Each one requires at least PhD levels of understanding and to achieve a score even close to 100 per cent would earn someone the title of a 'universal expert'.



 
Ed - a leading Net Zero expert



8 comments:

James Higham said...

The question is how to be rid of this clown and reverse course ... two different tasks.

dearieme said...

AI doesn't do "I". It mainly does regurgitation and a bit of correlation. It does, however, undoubtedly do lies because, being unable to think, it will offer an answer based on its models of probability and present it as if it were factual.

As for "at least PhD levels of understanding", it is the sort of thing said by someone who has no idea of what a PhD involves.

It reminds me of some sorts of characteristically American twaddle such as "you have to have an IQ of 140 to be a genius". It makes me suspect that many Americans think "genius" means 'one of the cleverest boys in my High School class'.

decnine said...

Net Zero is too good for Ed. He is a net debit from the sum of human understanding

A K Haart said...

James - we seem to be stuck with him until the failure of Net Zero causes so much damage that even the BBC has to admit it.

dearieme - I'm comfortable with naming the "I" in AI as intelligence. It isn't human and it makes mistakes, but is already able to summarise many subjects and issues much more cogently than most humans. Trust may be the issue, we'll expect it to be infallible.

DiscoveredJoys said...

I have my doubts about the expertise of AI since it mainly processes data that is already known rather than organising investigations into securing new data.

However if 'Expert AI' tells the world (including Ed Miliband) that Net Zero is a pipedream and could not be achieved for 100 years (i.e. when fusion power is routinely available) would the politicians come to their senses?

{spoiler alert}
No.

dearieme said...

But what is it summarising? The stuff it's been trained on. Who selected that and on what principles?

A K Haart said...

decnine - yes he is a hole in the fabric of human understanding.

dearieme - we could ask the same questions about human summaries. One thing humans seem to have that machines don't is the curiosity to examine the sources of summaries and look for better ones.

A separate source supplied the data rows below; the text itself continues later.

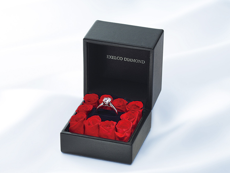 プリザーブドフラワーのバラ10本が彩るボックスにダイヤをセットすると、「最愛」を意味する11本のバラが揃う。ロマンティックな演出で、サプライズプロポーズを。
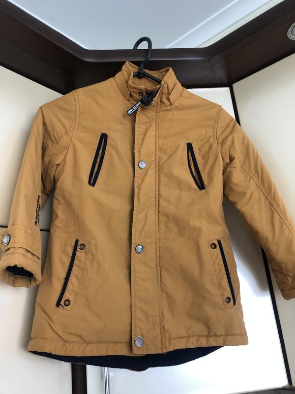 Куртка для хлопчика жовтого кольору на ріст 122см. Матеріал плащовка на флісовій підкладці. Стан ідеальний. Ніяких пошкоджень немає. Замок і заклепки працюють..
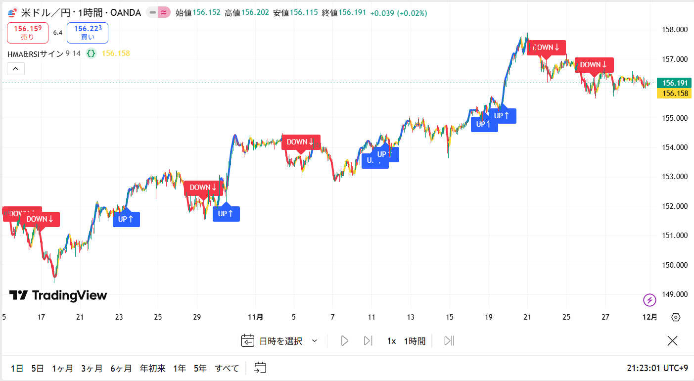 HMAとRSIの組み合わせでトレンドを把握。
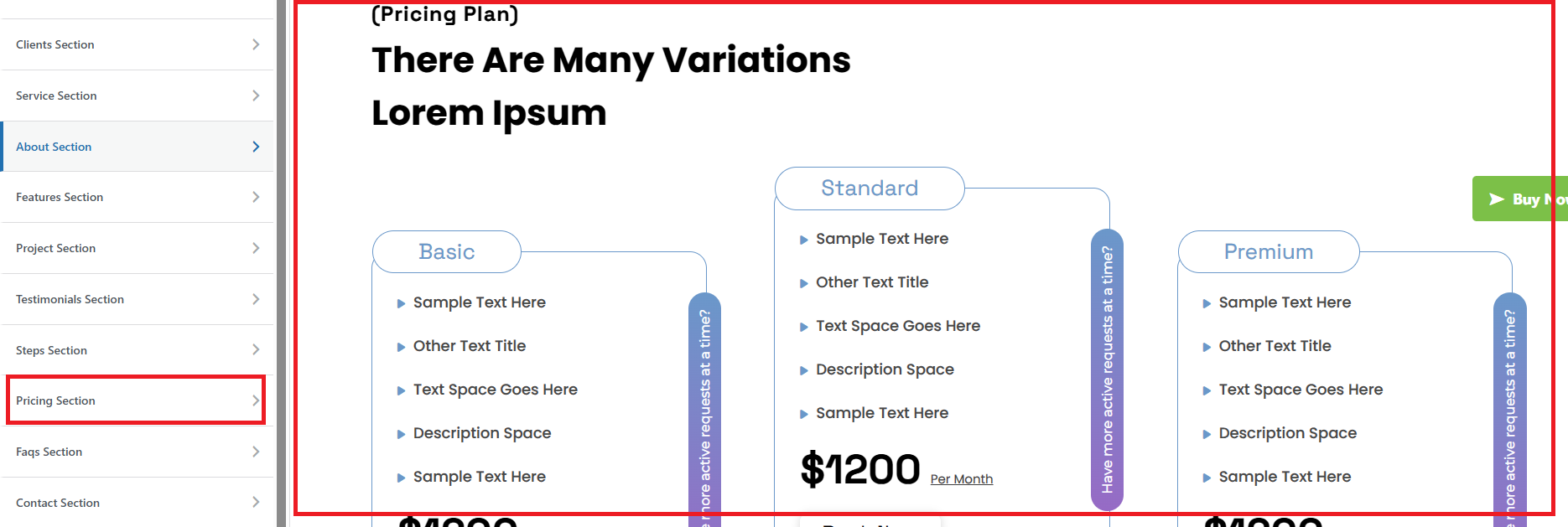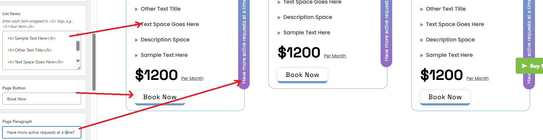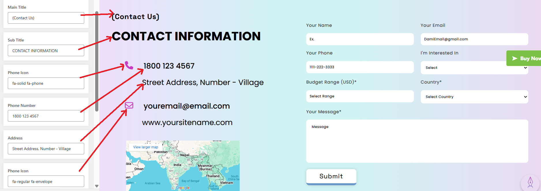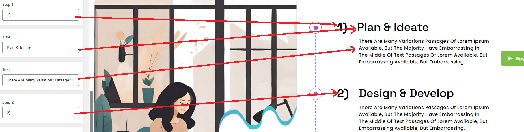 Depending on the available options in each area, you can change the color scheme for the headings, title/text, paragraphs, button text, and button background.
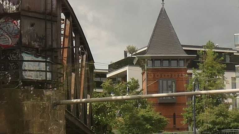 Wasserturm am linken Elbufer vor der Hubbrücke
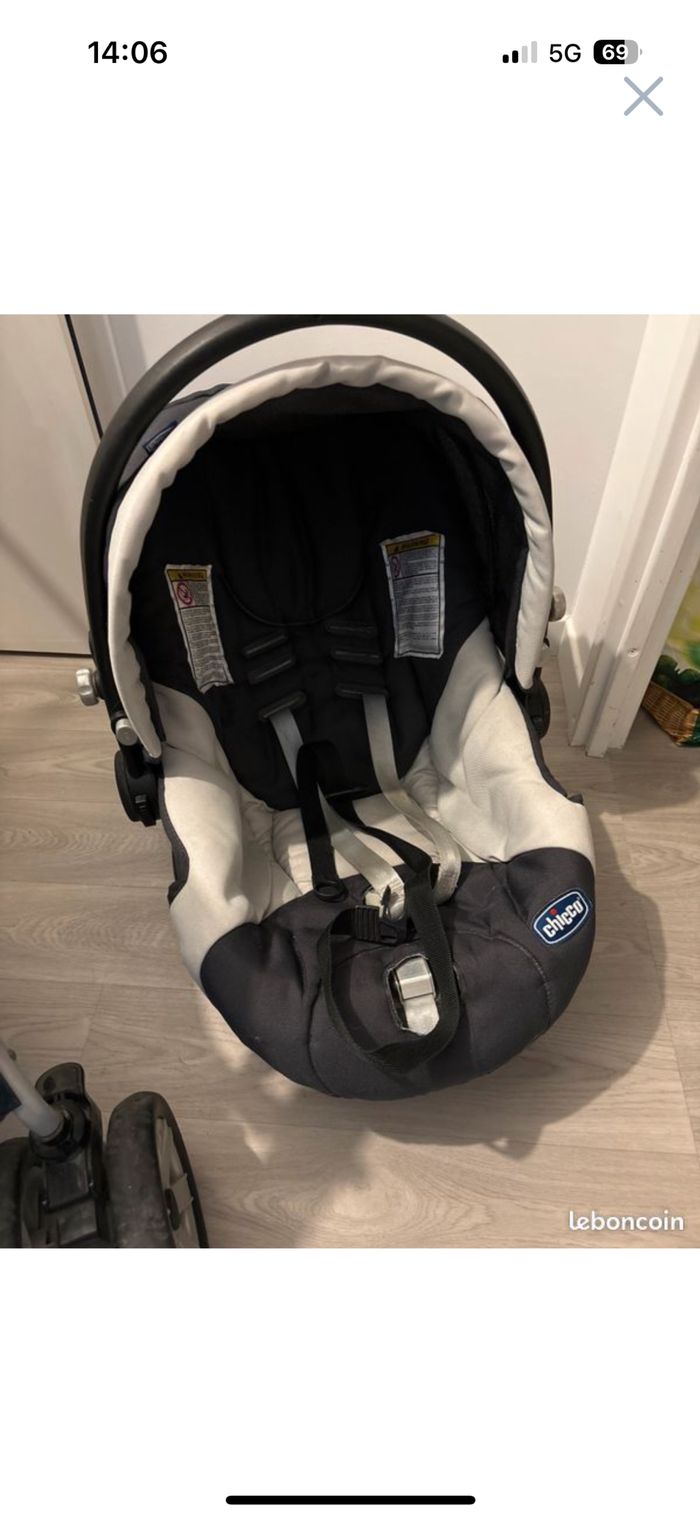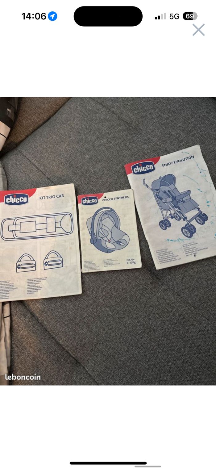 Vends poussette chico trio, avec notice et 2 alaise supplémentaire À relaver, j’ai tout démonté et laver mais étant stocker depuis 2020, il y a une odeur de renfermé. Poussette cane, cosy et nacelle

As we know, many people can be conventionally intelligent but remarkably incurious. Ed Miliband does not seem to have the curiosity to examine the weaknesses in Net Zero or his father's politics yet he is conventionally intelligent enough to be a senior Minister.

A K Haart said...

DJ - if expert AI does tell the world that Net Zero is a pipedream, then a major political problem could arise. We see hints of it already in the ease with which we can search for information about the defects of Net Zero. It isn't easy to see what democratic politics can do about that apart from what we already see - restrictions on free speech.